▸ Input material
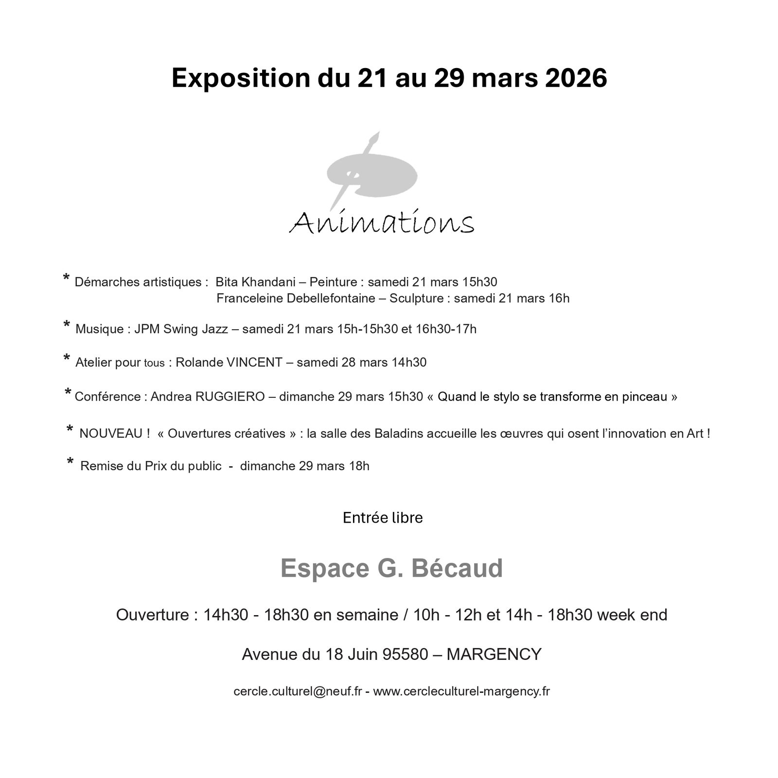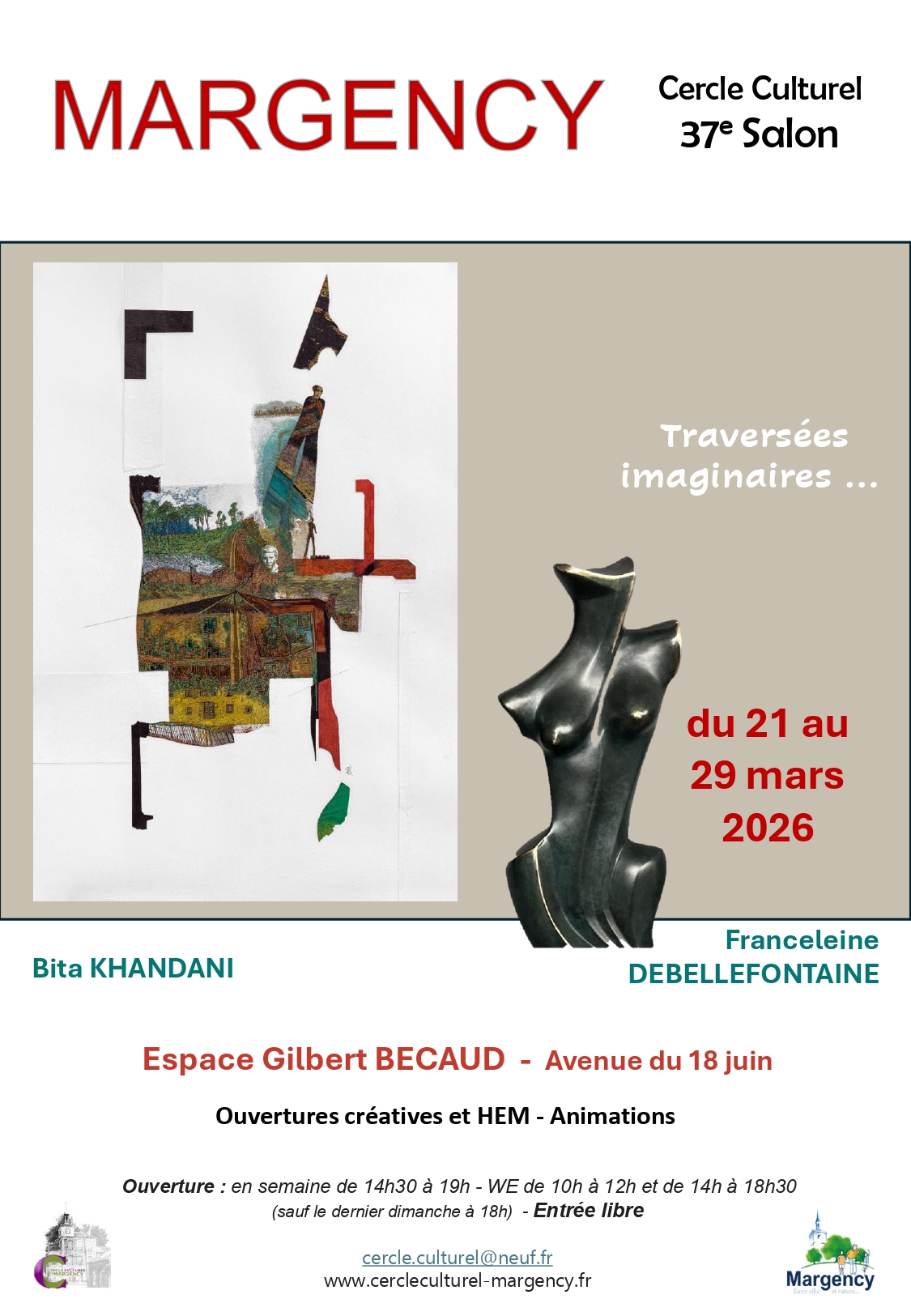 37e édition du Salon des Arts Le Salon des Arts est de retour en 2026 pour sa 37e édition autour du thème Traversées imaginaire ! Venez célébrer la créativité sous toutes ses formes. Peinture, gravure, sculpture… toutes les techniques et matériaux y sont mis à l'honneur. Artistes reconnus, jeunes talents et enfants de l’Hôpital de la Croix-Rouge vous exposent leurs œuvres dans une ambiance conviviale, le tout accompagné d'ateliers et d'animations qui rythmeront votre expérience. Une rencontre hors du temps à ne pas manquer. Votre événement aura lieu du samedi 21 mars au dimanche 29 mars à l'Espace Gilbert Bécaud ! Horaires de l'exposition : - De 14h30 à 19h en semaine. - De 10h00 à 12h00 et de 14h à 18h30 le week-end.
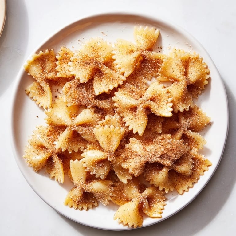 - 250 g Farfalle (Schleifchennudeln): Die Form hält die Zimtzuckermischung besonders gut fest, aber Penne oder Fusilli funktionieren genauso.
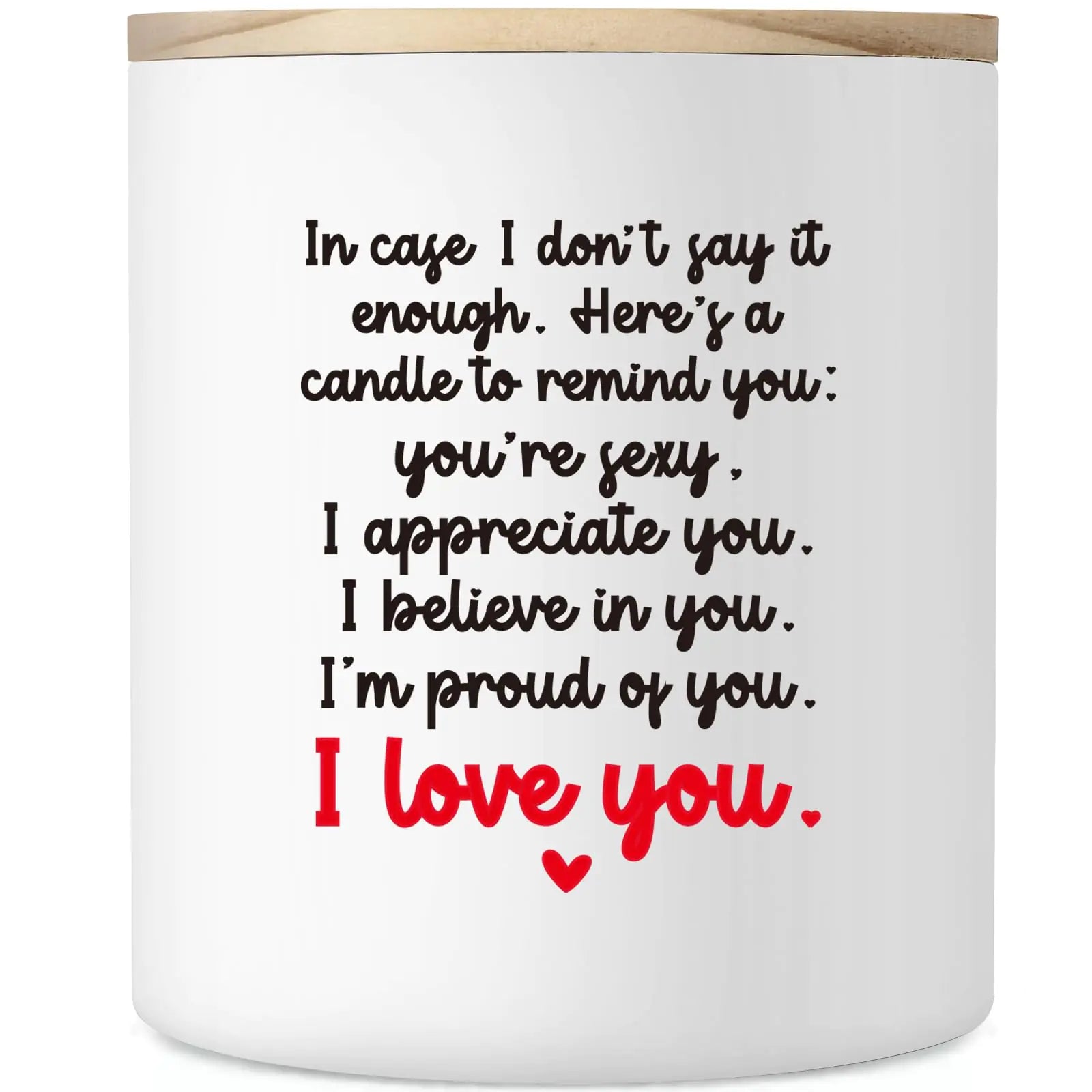 [Valentines Day Gifts for Her: "IN CASE I DON\T SAY IT ENOUGH. HERE\S A CANDLE TO REMIND YOU: YOU\RE ATTRACTIVE I APPRECIAE YOU. I BELIEVE IN YOU I\M PROUD OF YOU I LOVE YOU" heartwarming and unique messages make this Valentines Day gift ideas a great way to send wishes to your loved ones! Making it an ideas choice for gifts for girlfriends I love you gifts for her Ideal gift for boyfriend valentines day gifts for husband and wife anniversary gifts for couples birthday gifts for couples romantic birthday gift for her Natural Soy Wax and Essential Oil:This handmade candles is made of natural soy wax cotton wick and natural essential oil which is burning more long time sufficiently ensuring you can enjoy its exquisite fragrance for longer. Perfect for home bedroom living room bathroom kitchen office and so on Long Lasting Burn Time: Valentines Day gifts for women. 10 oz cotton wick candle can burns up to 70 hours. Candles will not produce black smoke and it burns smoothly and cleanly. Funny candles are versatile and can be recycled repeatedly when used up "Birthday Gift Ideas: Love gifts for her. A simple warm and heartfelt candle girlfriend ideas gifts suitable for valentines day anniversary birthday Mothers Day thanksgiving Christmas wedding thank you gifts holiday womens day" Lavender Fragrance Candle: Premium lavender fragrance candle has a soothing effect it can be used to relieve stress and improve sleep. it can also be used to make the room feel more relaxed simply delight the mood and remove the depression.A fun gift for women for a stress-free comfortable life]
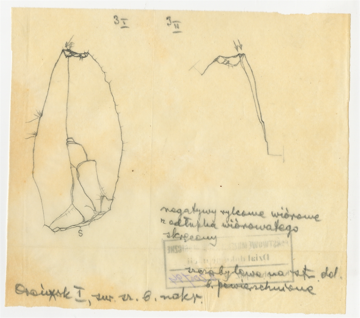 Rysunek zabytku krzemiennego. Ołówek na kalce. "Orońsk I"
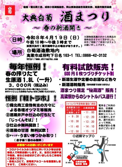 白菊酒造の春イベント【大典白菊 春の酒祭り】の開催。
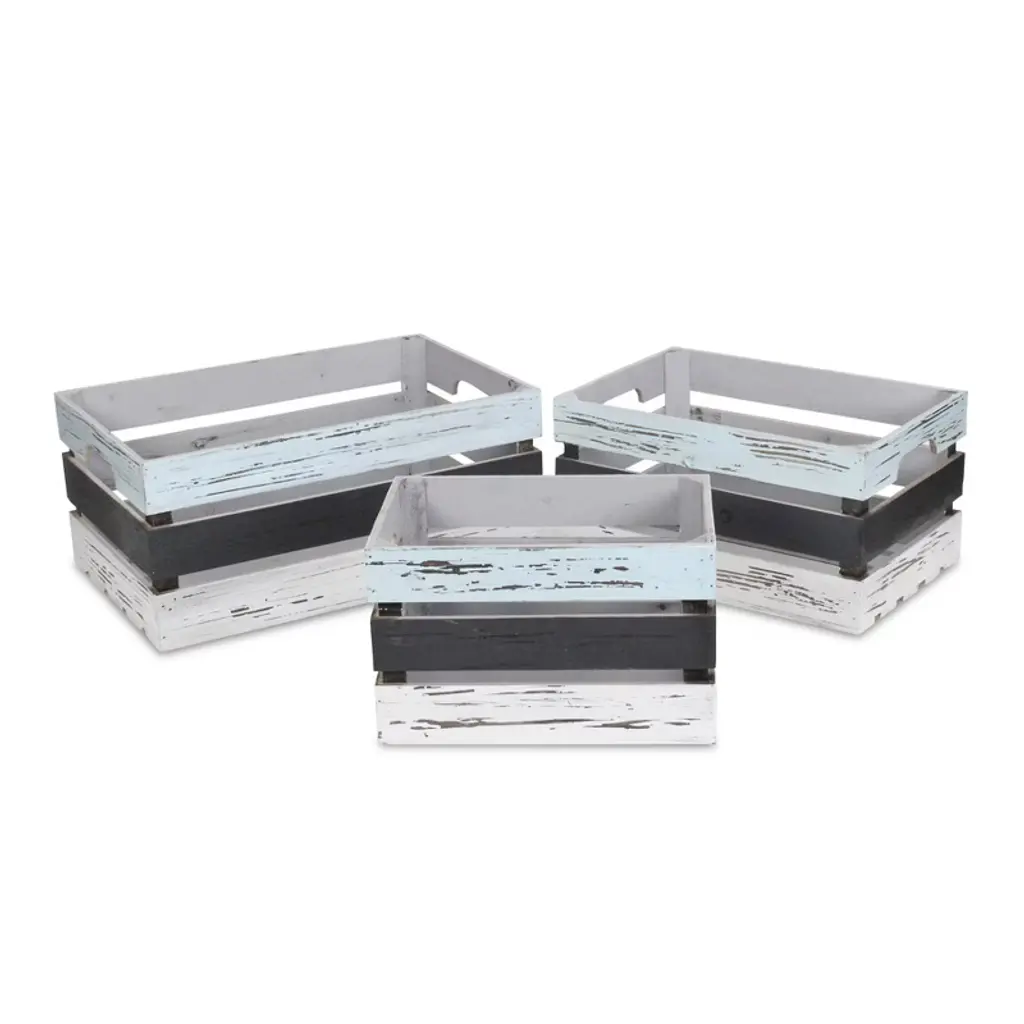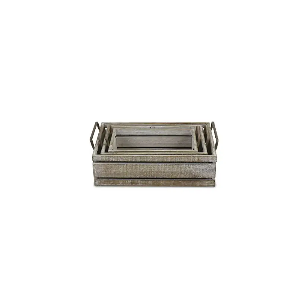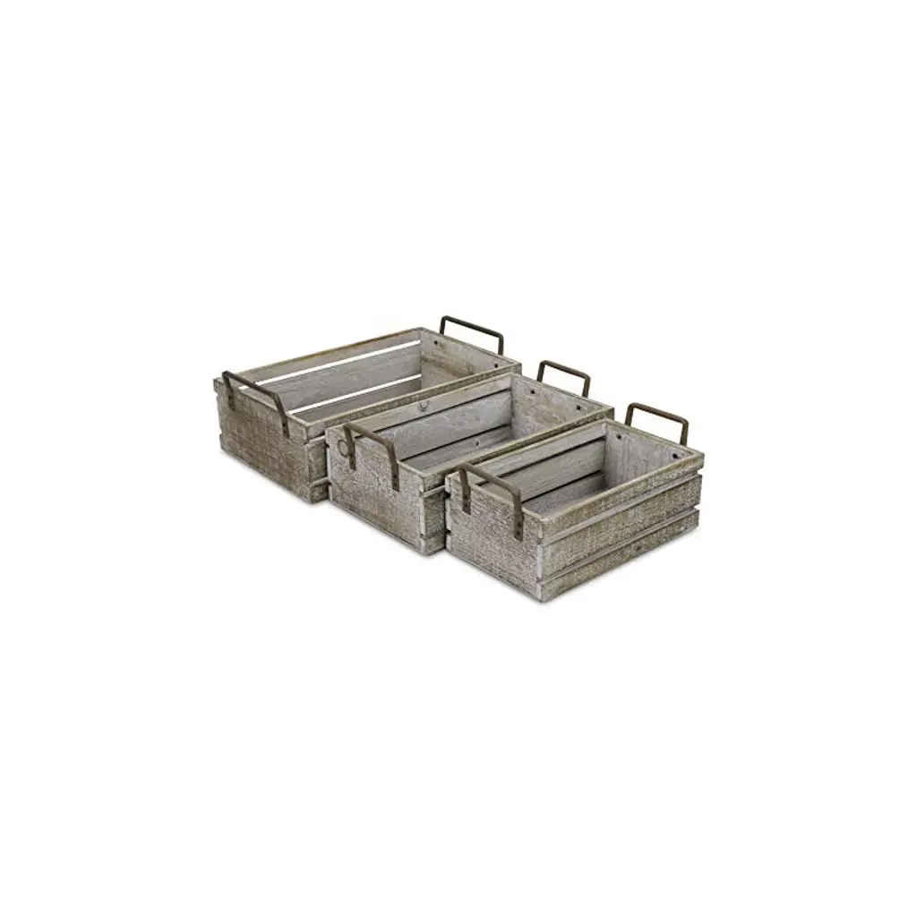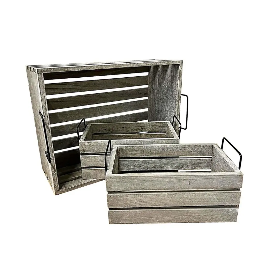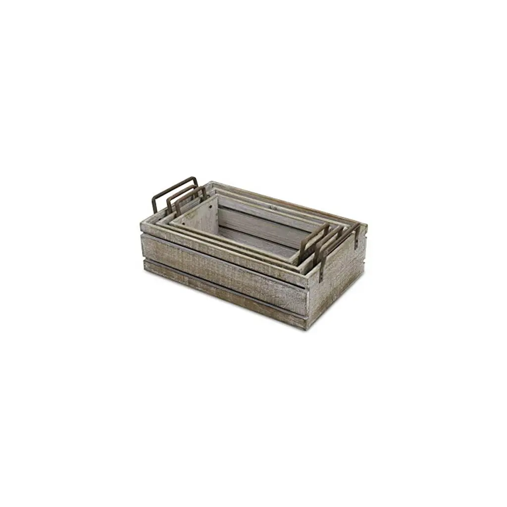 A stylish set of crates has been a timeless addition to every home. Serving a variety of uses from storage to decorative center pieces, crates have remained a stable addition to the American dream home. This piece features a rectangular, gray washed, slatted wood design with side metal handles. With its blend of style and functionality, these crates will be a wonderful addition to your home or space.
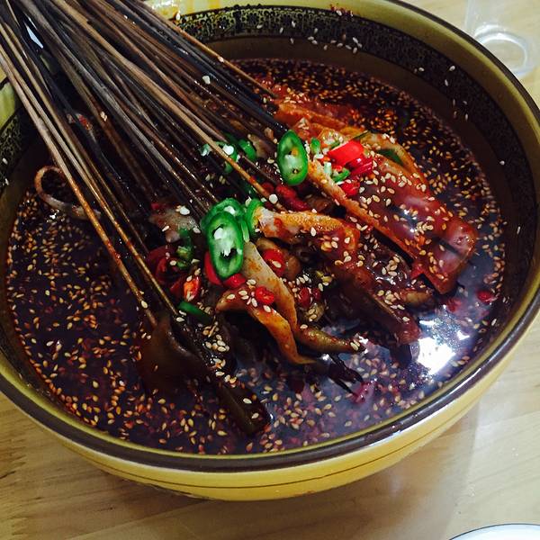乘公交车回酒店遭遇下班晚高峰,根本挤不上。距离酒店1.5公里,果断徒步回去。碰巧路过张公桥美食街,最新版LP《四川和重庆》上推荐的乐山特色美食中,这家店适合一个人吃。于是乎体验了川菜上河帮乐山的牛肉豆腐脑、肥肠夹饼、钵钵鸡,我只想说,非常好吃!
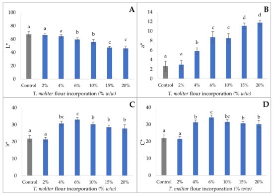 Brightness (L*) (A), greenness (a*) (B), yellowness (b*) (C), and chroma (C*) (D) of crackers containing 2–20% T. molitor (w/w). Results are expressed as mean ± standard deviation (n = 10). Different letters indicate significant differences (p < 0.05) between different concentrations of T. molitor.
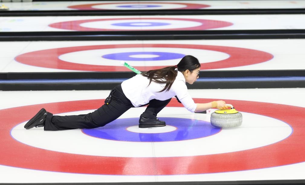 ??1月12日,文馨悅在比賽中擲壺。在第十四屆全國(guó)冬季運(yùn)動(dòng)會(huì)冰壺青年組混雙金牌賽中,黑龍江隊(duì)選手李思霖/文馨悅奪得金牌。新華社記者 王楷焱 攝
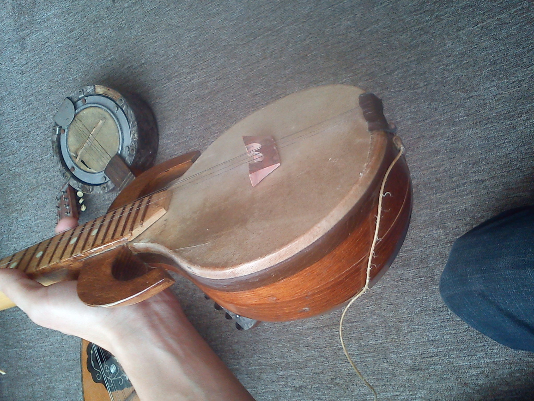 Zdravim, v Polsku se mi podarilo koupit zajmavy nastroj, nevite nekdo co je zac? Ma pet strun, dva pary a jedna basova ze strivka, kozenou blanu jako banjo a kobylku z kamene.. Za smesny prachy sem k tomu dostal i rozpadlou banjo mandolinu, uz se tesim na renovaci

▸ Problem description
Reproduce exactly, and only, the lines from the one holding "乘公交车回酒店遭遇下班晚高峰" through the final line of the entries. Do not include the pictures.

▸ Finished exercise
乘公交车回酒店遭遇下班晚高峰,根本挤不上。距离酒店1.5公里,果断徒步回去。碰巧路过张公桥美食街,最新版LP《四川和重庆》上推荐的乐山特色美食中,这家店适合一个人吃。于是乎体验了川菜上河帮乐山的牛肉豆腐脑、肥肠夹饼、钵钵鸡,我只想说,非常好吃!
 Brightness (L*) (A), greenness (a*) (B), yellowness (b*) (C), and chroma (C*) (D) of crackers containing 2–20% T. molitor (w/w). Results are expressed as mean ± standard deviation (n = 10). Different letters indicate significant differences (p < 0.05) between different concentrations of T. molitor.
 ??1月12日,文馨悅在比賽中擲壺。在第十四屆全國(guó)冬季運(yùn)動(dòng)會(huì)冰壺青年組混雙金牌賽中,黑龍江隊(duì)選手李思霖/文馨悅奪得金牌。新華社記者 王楷焱 攝
 Zdravim, v Polsku se mi podarilo koupit zajmavy nastroj, nevite nekdo co je zac? Ma pet strun, dva pary a jedna basova ze strivka, kozenou blanu jako banjo a kobylku z kamene.. Za smesny prachy sem k tomu dostal i rozpadlou banjo mandolinu, uz se tesim na renovaci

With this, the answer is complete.